The temple’s architect is not known but its sheer grandeur has led art historian Percy Brown to call him a ‘weaver of dreams’.
The temple’s construction has been ascribed to King Bhima I (1022-1063) in the year 1026-27 CE. According to archaeologist H D Sankhalia, the date has been accepted for two reasons – the back wall of the shrine has an upside-down inscription stone which reads ‘Vikram Samvat 1083’ i.e. 1026-27 CE; and because its architectural style closely resembles that of the Adinatha Jain Temple at Dilwara, which is dated to 1031 CE.
The main shrine is almost equally divided into the garbagruha and the gudhamandapa. The garbhagruha is 11 sq ft on the inside and, unfortunately, the image of the deity has been lost. Around the garbagruha is the pradakshinamarga for circumambulation around the deity. It has the image of Surya carved in niches. Although the interior walls are severe for their lack of ornamentation, the doorway itself is carved with images of Surya surrounded by dancers and amorous couples. These, however, are badly mutilated. This structure was surmounted by a shikhara, which has collapsed over time.
In most of the sculptures, Surya is shown standing with two lotuses, one in each hand, and being driven by seven horses. Interestingly, Surya is shown wearing boots in most of his depictions, which according to historians and art historians is a Central Asian influence.
The sabhamandapa is the most opulent structure in the temple complex and is believed to have been the last structure to have been constructed. The external and internal walls are exquisitely carved with sculptures and decorative elements like toranas. Sankhalia writes that each of the corners of the sabhamandapa is cut into a series of recessed corners, which gives the building the appearance of a star.
Many small scenes are depicted on the walls, ceilings and lintels of the sabhamandapa, which Sankhalia has interpreted as scenes from the Ramayana. This would constitute the first sculptural representation of the epic in an ancient temple in Gujarat.
Since the shrine and the sabhamandapa were built at different times, there is a slight but perceptible difference between the sculptures and ornamentation of the two. While the ornamentation in the main shrine is a little restrained, that within the dancing hall is more elaborate. According to Sankhalia, the simplicity of the interior of the shrine is balanced by the immensity of carvings on the outside.

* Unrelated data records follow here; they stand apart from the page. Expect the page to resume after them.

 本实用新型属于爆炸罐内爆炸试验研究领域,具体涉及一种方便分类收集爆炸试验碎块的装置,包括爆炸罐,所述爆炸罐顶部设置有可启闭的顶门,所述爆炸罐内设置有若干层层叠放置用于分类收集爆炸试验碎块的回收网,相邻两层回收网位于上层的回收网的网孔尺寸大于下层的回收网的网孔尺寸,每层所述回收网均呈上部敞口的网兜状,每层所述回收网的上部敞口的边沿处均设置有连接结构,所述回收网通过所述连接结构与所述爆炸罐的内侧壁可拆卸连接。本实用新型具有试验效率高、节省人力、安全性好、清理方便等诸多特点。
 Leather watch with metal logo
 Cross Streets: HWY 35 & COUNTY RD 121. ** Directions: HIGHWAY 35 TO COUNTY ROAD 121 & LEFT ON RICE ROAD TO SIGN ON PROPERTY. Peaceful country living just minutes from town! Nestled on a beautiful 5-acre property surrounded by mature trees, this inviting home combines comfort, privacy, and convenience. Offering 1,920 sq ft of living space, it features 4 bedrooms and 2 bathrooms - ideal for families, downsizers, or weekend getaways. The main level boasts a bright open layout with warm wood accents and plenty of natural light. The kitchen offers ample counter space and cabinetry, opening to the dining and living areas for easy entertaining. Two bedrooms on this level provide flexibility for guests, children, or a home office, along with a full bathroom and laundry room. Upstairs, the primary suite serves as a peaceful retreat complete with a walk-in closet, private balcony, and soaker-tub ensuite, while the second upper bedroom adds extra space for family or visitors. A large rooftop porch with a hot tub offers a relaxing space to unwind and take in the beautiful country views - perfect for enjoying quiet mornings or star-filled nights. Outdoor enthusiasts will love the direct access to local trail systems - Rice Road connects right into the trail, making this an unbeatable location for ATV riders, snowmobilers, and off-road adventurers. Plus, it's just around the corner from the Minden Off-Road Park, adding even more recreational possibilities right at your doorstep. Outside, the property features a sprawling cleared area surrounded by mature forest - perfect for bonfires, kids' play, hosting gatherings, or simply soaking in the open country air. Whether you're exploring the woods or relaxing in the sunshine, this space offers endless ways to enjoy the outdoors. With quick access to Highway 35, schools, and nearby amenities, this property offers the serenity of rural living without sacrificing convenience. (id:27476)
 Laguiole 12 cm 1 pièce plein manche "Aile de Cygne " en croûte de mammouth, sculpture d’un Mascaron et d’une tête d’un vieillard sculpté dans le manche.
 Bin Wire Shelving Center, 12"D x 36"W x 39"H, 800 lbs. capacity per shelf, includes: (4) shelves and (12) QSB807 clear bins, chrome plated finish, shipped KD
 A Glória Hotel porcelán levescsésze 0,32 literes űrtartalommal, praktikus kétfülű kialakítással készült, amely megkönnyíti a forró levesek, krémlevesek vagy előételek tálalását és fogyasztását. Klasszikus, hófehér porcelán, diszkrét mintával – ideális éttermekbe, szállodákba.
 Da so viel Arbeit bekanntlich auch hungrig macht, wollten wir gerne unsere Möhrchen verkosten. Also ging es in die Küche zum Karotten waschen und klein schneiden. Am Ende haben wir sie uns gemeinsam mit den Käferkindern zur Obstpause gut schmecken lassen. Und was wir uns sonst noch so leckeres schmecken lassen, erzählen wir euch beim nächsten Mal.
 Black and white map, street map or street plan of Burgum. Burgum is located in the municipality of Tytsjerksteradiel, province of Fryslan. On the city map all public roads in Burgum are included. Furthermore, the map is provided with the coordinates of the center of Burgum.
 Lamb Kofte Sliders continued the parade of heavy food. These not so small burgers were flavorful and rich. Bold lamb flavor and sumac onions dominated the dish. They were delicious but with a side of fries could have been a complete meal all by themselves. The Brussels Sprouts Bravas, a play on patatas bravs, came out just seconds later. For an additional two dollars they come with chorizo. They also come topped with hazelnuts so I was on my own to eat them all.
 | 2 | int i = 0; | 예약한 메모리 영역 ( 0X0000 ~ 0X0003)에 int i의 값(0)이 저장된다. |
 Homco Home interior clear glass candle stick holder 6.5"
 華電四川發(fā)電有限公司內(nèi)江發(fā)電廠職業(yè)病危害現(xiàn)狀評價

Sankhalia writes that in front of the sabhamandapa, next to the kunda, there stood a kirtitorana or triumphal arch. Unfortunately, the base and the torana itself have disappeared and only two pillars remain. Through these pillars, a flight of stairs leads to the kunda. According to Sankhalia, the kunda at the Modhera Sun Temple may have been the inspiration for the Sahastralinga Talao.
The kunda itself is a rectangular tank of water with stone paving on the outside. From the ground level, the kunda gradually proceeds down to the water level via a series of terraces and recessed steps. Within the kunda, there are many small shrines in the niches on the walls and steps.
Interestingly, like many other historic sites in India, Modhera too was ‘rediscovered’ by the British. It was first brought to light by Colonel M Monier-Wiliams, who recorded the existence of the temple in his report as Surveyor General in 1809. Later, A K Forbes, a colonial administrator and author of Râs Mâlâ: Hindoo Annals of the Province of Goozerat, in Western India, was the first person to provide a detailed description of the temple and draw its plan.
While the Modhera temple is generally accepted to be dedicated to the Sun God, Surya, historian and archaeologist Kirit Mankodi has posited that a blend of deities was worshipped here, including Shiva and Surya.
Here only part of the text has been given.